Judicial District Court. In this matter, Stanley named only LPD and Morgan as

defendants. LPD and Morgan responded with exceptions of lis pendens, no cause

of action, and res judicata. Resolution of these exceptions was held in abeyance to

await the supreme court’s decision in Kling.

After Kling was decided, the U.S. District Court took up the defendants’

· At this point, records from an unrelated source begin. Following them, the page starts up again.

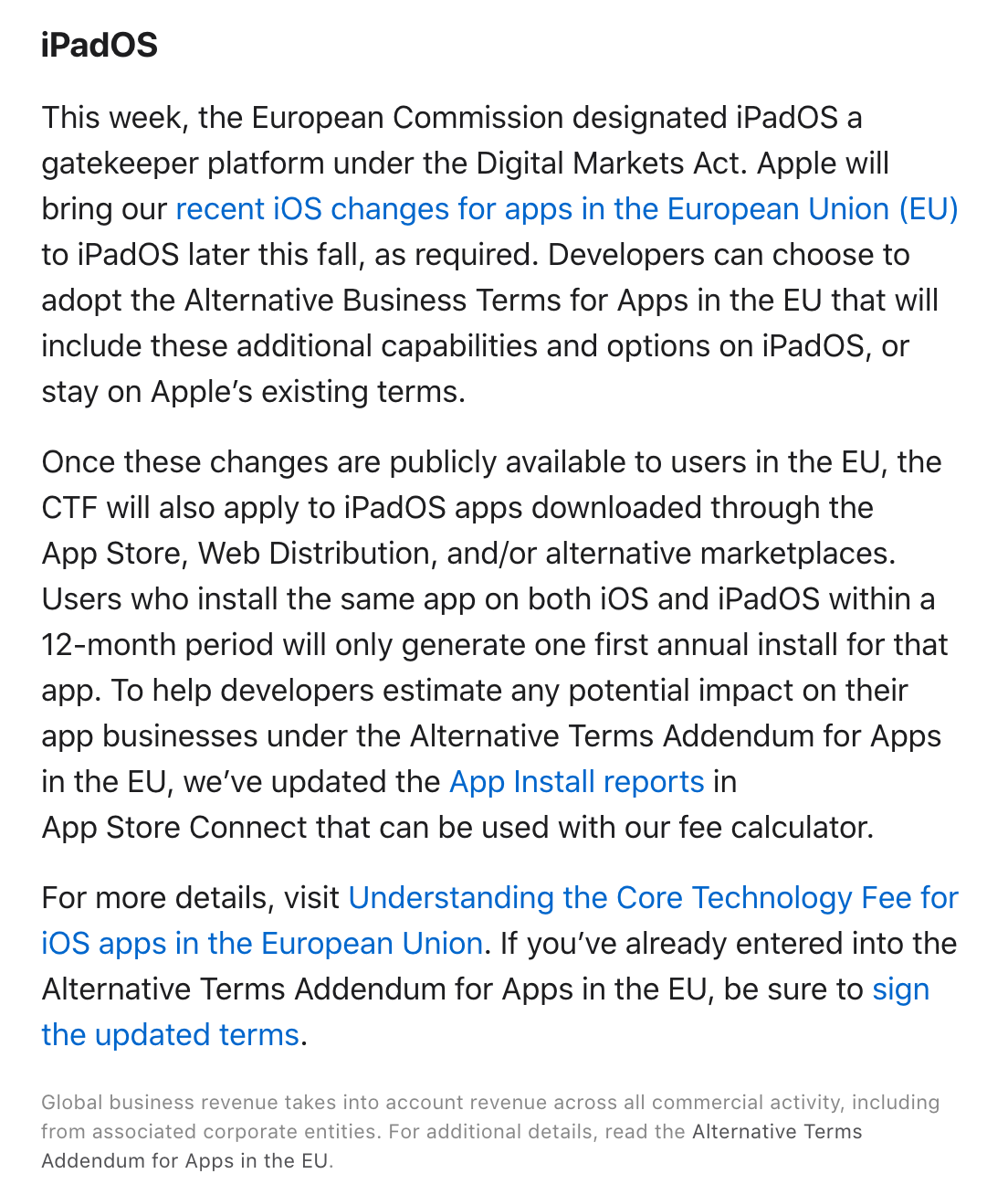 苹果表示,一旦这些更改向欧盟用户公开发布,CTF 核心技术费也将适用于通过 App Store、网络渠道分发、其他市场下载的 iPadOS 应用。在 12 个月内同时在 iOS 和 iPadOS 上安装同一 App 的用户,每年只会为该 App 生成一次首次安装。
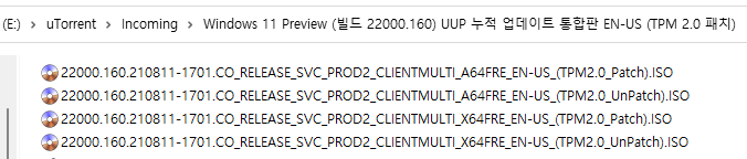 [TPM 2.0 미적용 ISO 파일 직접 만들기] (10~30분 이상 소요됨) : 시간이 많이 걸리기 때문에 위의 토렌트로 받으시길 바랍니다.ㅠ
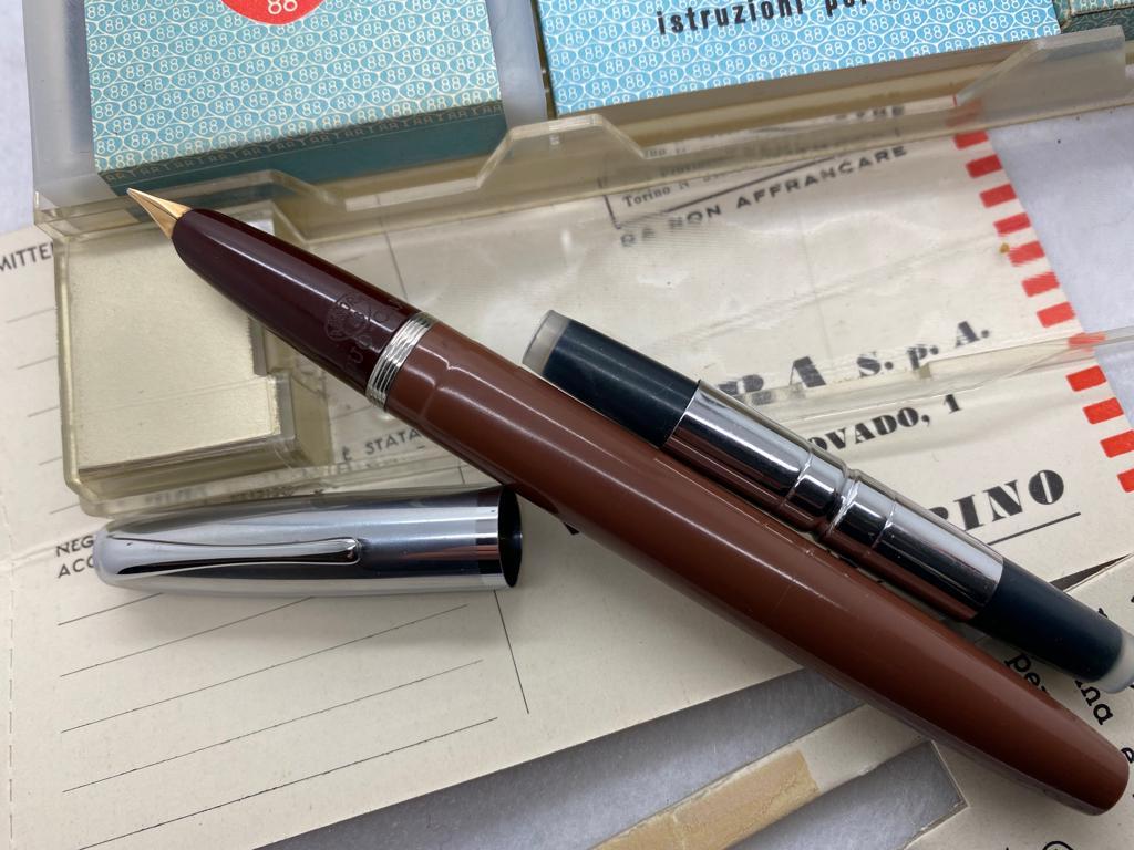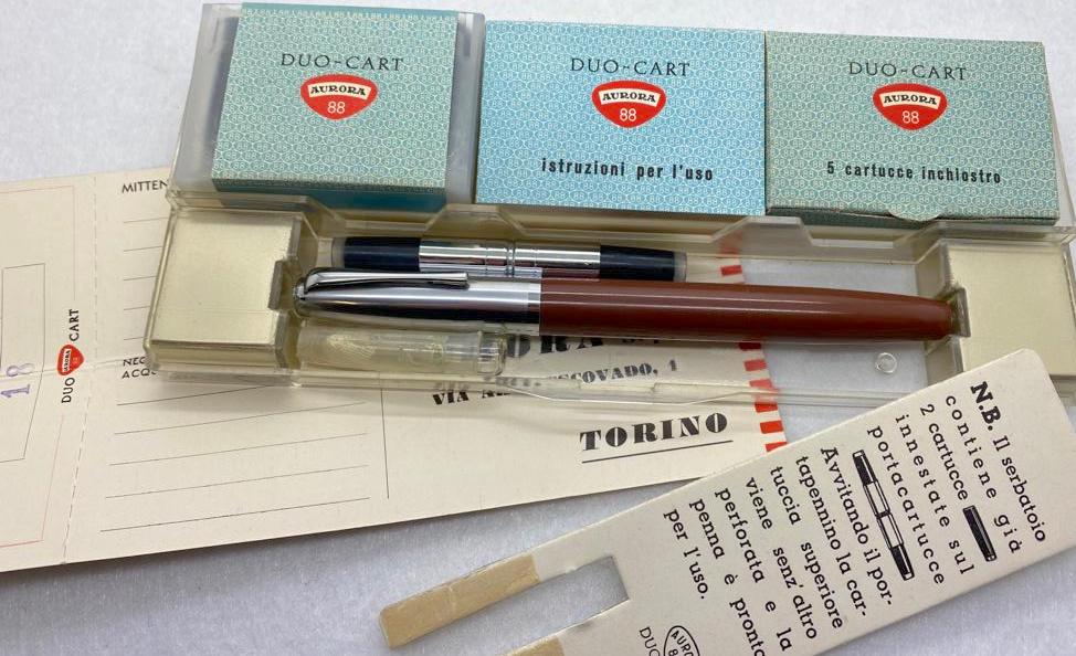 In 1954, Aurora introduced the Duocart, designed by Abe Steiner, which was provided with polythilene cartridges which could be housed in pairs inside the barrel of the pen.

motions and ruled that Stanley’s federal case was prescribed. Stanley v. Morgan,

No. 22-CV-1655 (W.D. La. 2/1/24) (2024 WL 396185) (unpublished opinion). The

Fifth Circuit affirmed. Stanley v. Morgan, 120 F.4th 467 (5th Cir. 2024). The United

States Supreme Court denied certiorari. Stanley v. Morgan, ___ U.S. ___, 145 S.Ct.

1314 (2025).

In May 2025, the trial court heard the exceptions in the present matter and

maintained the defendants’ exceptions of res judicata. This appeal followed.

3 DISCUSSION AND ANALYSIS

At issue is the preclusive effect of the judgment of a federal district court in

related state court proceedings.

The courts of this state have repeatedly confirmed that federal law is applicable to consideration of whether a federal court judgment has res judicata effect. See Terrebonne Fuel & Lube, Inc. v. Placid Ref. Co., 95-0654 (La.1/16/96), 666 So.2d 624; Reeder v. Succession of Palmer, 623 So.2d 1268 (La.1993) [cert. denied, 510 U.S. 1165, 114 S.Ct. 1191 (1994)]; Bobby and Ray Williams P’ship, L.L.P. v. Shreveport Louisiana Hayride Co., L.L.C., 38,866 (La.App. 2 Cir. 9/22/04), 882 So.2d 676, writ denied, 04-2636 (La.12/17/04), 888 So.2d 875; McCollough v. Dauzat, 98-1293 (La.App. 3 Cir. 3/3/99), 736 So.2d 914. As explained in Terrebonne Fuel & Lube, 666 So.2d at 633, federal res judicata law indicates that a judgment bars a subsequent suit if the following requirements are satisfied: “1) both cases involve the same parties; 2) the prior judgment was rendered by a court of competent jurisdiction; 3) the prior decision was a final judgment on the merits; and 4) the same cause of action is at issue in both cases.” There are, however, exceptions to the law of res judicata. Id.